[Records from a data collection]
----
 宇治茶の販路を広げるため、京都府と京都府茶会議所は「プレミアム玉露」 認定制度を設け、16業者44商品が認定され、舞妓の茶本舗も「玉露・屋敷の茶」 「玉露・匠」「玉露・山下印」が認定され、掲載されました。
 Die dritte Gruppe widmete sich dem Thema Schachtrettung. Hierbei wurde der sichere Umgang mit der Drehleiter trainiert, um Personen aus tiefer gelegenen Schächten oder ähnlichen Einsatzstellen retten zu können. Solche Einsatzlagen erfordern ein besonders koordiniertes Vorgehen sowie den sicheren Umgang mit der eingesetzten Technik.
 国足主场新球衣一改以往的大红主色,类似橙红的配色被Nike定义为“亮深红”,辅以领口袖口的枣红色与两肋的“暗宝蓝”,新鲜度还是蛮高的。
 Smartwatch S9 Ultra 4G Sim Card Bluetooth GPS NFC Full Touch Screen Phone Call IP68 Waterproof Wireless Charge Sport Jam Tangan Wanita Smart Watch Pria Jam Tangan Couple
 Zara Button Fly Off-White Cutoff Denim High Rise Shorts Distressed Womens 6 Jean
----
## PROBLEM DESCRIPTION
Take the lines from the one containing "国足主场新球衣一改以往的大红" through the final line of the entries above, and set them down exactly, with nothing added.

## COMPLETED EXERCISE
 国足主场新球衣一改以往的大红主色,类似橙红的配色被Nike定义为“亮深红”,辅以领口袖口的枣红色与两肋的“暗宝蓝”,新鲜度还是蛮高的。
 Smartwatch S9 Ultra 4G Sim Card Bluetooth GPS NFC Full Touch Screen Phone Call IP68 Waterproof Wireless Charge Sport Jam Tangan Wanita Smart Watch Pria Jam Tangan Couple
 Zara Button Fly Off-White Cutoff Denim High Rise Shorts Distressed Womens 6 Jean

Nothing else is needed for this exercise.